RECORDS FOR THIS TASK:
-- Opening Marker --

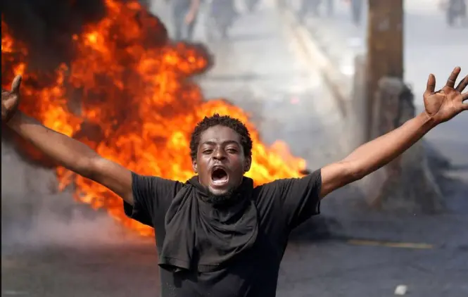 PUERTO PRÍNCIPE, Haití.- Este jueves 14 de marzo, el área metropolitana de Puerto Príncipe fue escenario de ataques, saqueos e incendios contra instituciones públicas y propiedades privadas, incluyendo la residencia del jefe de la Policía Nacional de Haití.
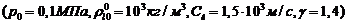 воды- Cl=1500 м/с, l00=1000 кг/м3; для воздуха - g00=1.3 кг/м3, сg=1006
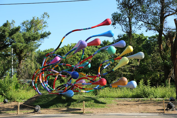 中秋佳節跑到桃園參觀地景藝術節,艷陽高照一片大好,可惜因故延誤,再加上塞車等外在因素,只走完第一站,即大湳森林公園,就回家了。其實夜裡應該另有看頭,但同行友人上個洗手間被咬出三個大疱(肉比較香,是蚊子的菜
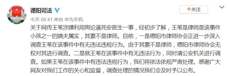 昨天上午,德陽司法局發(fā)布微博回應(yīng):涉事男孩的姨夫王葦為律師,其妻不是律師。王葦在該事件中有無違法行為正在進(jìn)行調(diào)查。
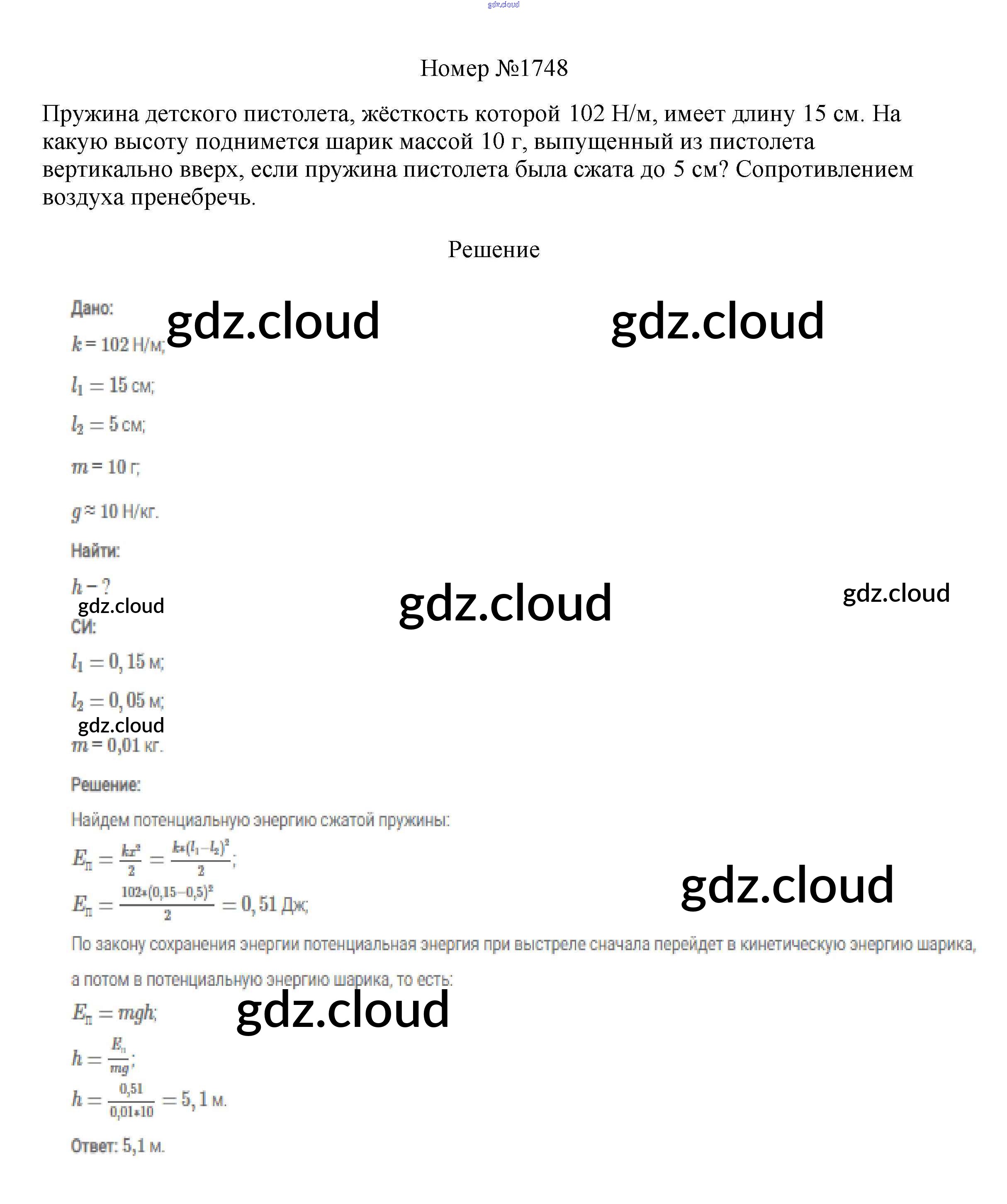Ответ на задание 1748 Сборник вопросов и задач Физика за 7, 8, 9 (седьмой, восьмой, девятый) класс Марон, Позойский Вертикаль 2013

-- Closing Marker --
-- Opening Marker --

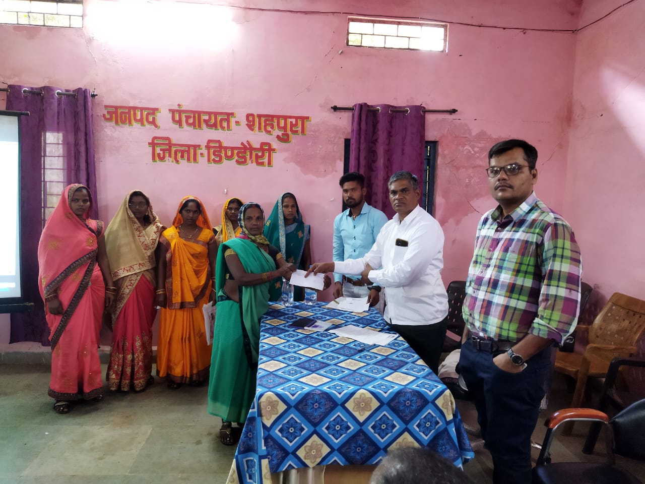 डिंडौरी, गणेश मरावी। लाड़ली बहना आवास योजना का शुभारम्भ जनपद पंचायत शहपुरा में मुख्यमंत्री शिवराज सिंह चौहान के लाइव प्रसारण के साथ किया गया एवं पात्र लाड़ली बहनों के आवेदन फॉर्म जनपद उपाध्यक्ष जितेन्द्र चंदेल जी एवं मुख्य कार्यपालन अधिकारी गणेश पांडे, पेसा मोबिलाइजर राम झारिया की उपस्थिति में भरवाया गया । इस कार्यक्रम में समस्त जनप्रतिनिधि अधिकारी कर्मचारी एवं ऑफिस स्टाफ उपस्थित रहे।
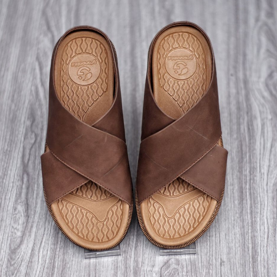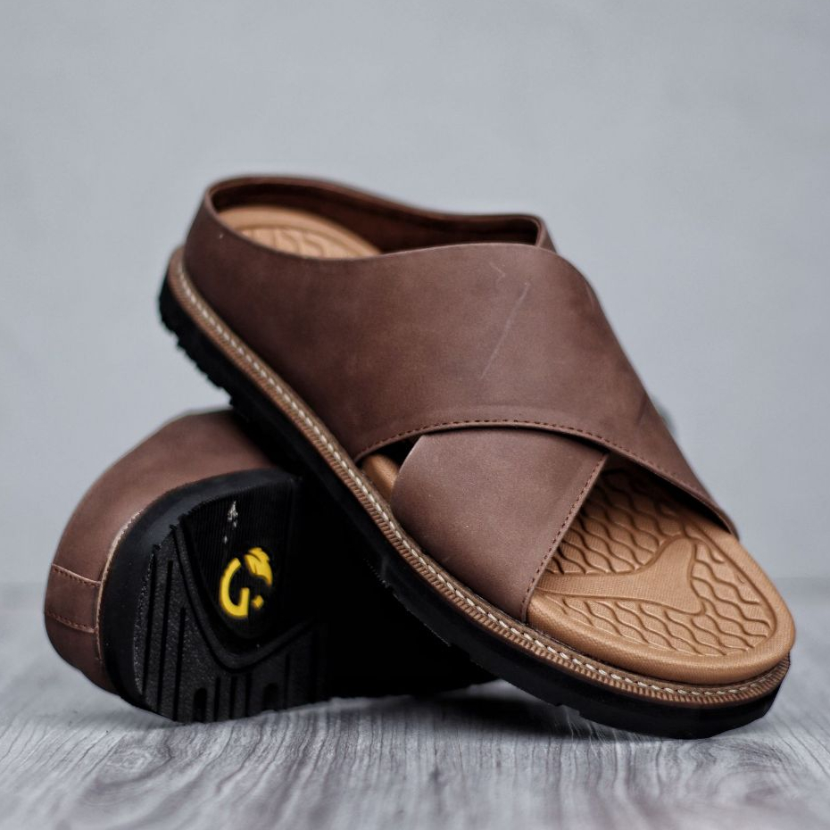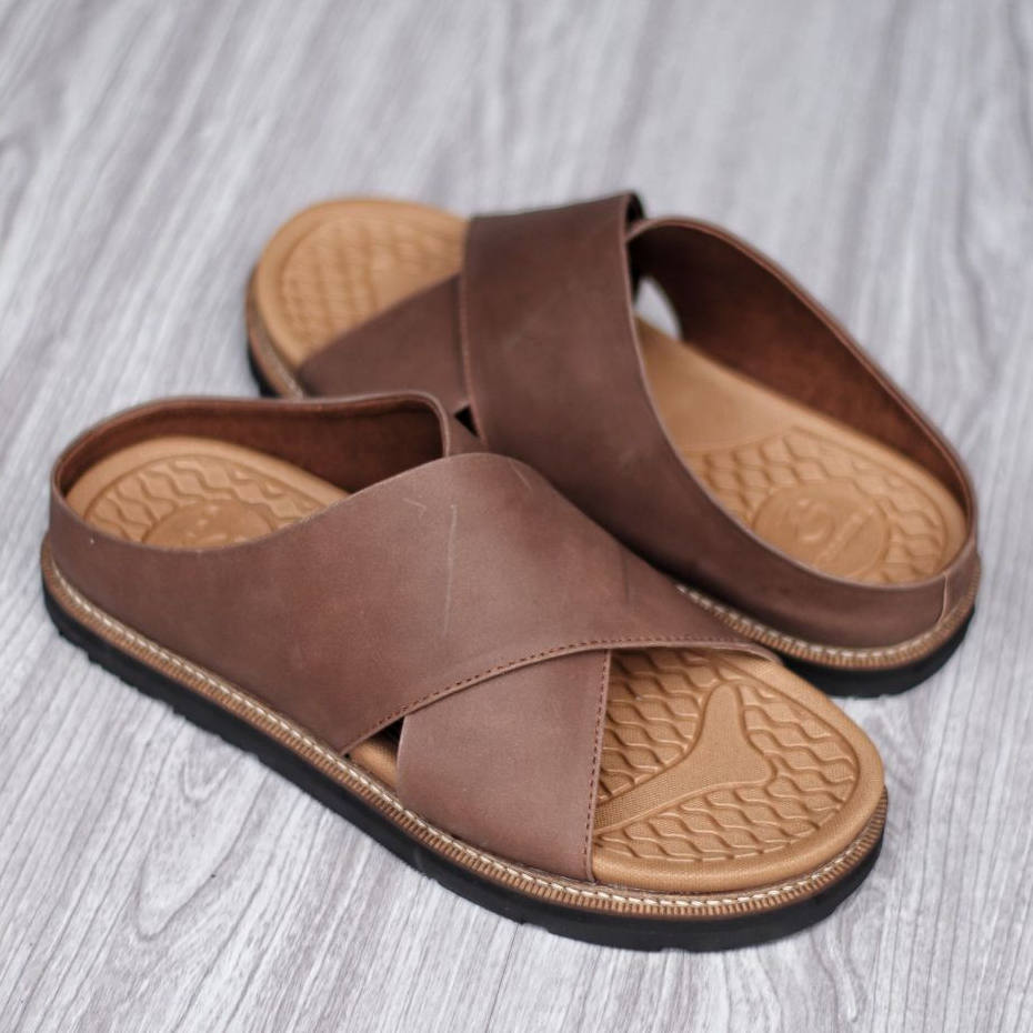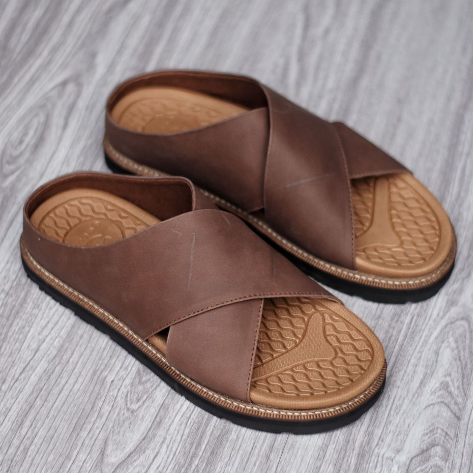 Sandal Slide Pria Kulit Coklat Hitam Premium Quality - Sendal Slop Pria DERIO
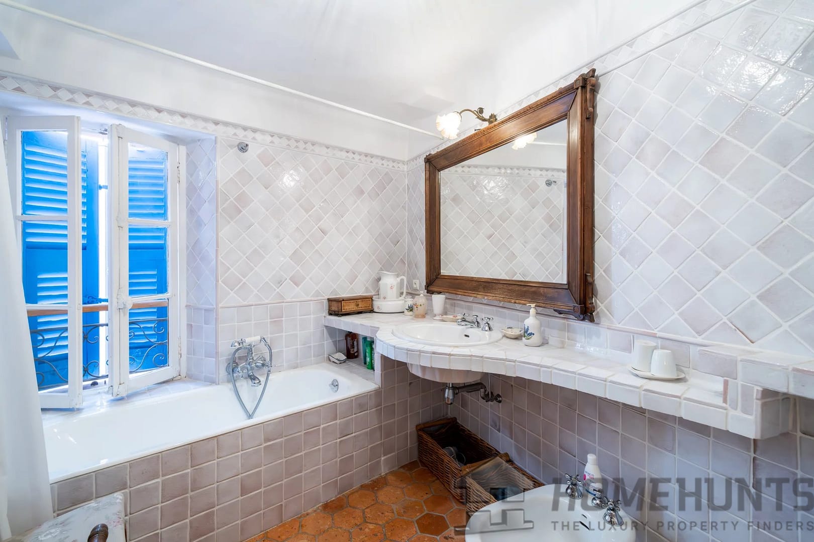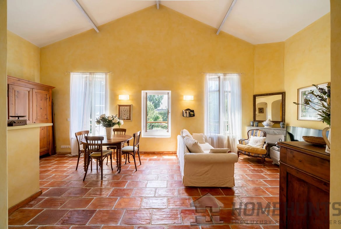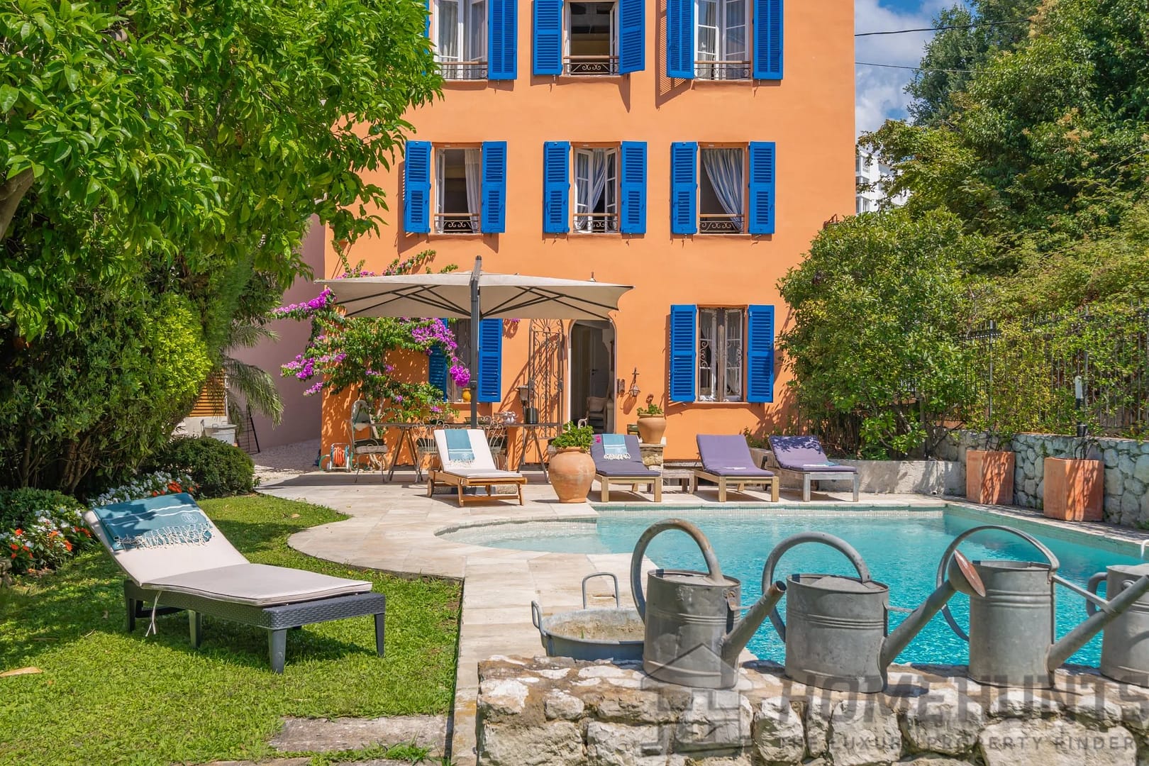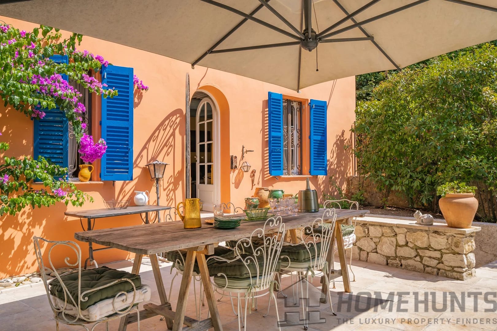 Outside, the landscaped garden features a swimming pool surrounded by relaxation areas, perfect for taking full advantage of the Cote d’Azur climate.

-- Closing Marker --

ABOUT THIS TASK:
Working from the data above, repeat exactly, and only, the lines that begin at the line containing "PUERTO PRÍNCIPE, Haití.- Este" and stop after the line containing "Ответ на задание"; pictures are not copied.

ANSWER FOR THE TASK:
 PUERTO PRÍNCIPE, Haití.- Este jueves 14 de marzo, el área metropolitana de Puerto Príncipe fue escenario de ataques, saqueos e incendios contra instituciones públicas y propiedades privadas, incluyendo la residencia del jefe de la Policía Nacional de Haití.
 воды- Cl=1500 м/с, l00=1000 кг/м3; для воздуха - g00=1.3 кг/м3, сg=1006
 中秋佳節跑到桃園參觀地景藝術節,艷陽高照一片大好,可惜因故延誤,再加上塞車等外在因素,只走完第一站,即大湳森林公園,就回家了。其實夜裡應該另有看頭,但同行友人上個洗手間被咬出三個大疱(肉比較香,是蚊子的菜
 昨天上午,德陽司法局發(fā)布微博回應(yīng):涉事男孩的姨夫王葦為律師,其妻不是律師。王葦在該事件中有無違法行為正在進(jìn)行調(diào)查。
Ответ на задание 1748 Сборник вопросов и задач Физика за 7, 8, 9 (седьмой, восьмой, девятый) класс Марон, Позойский Вертикаль 2013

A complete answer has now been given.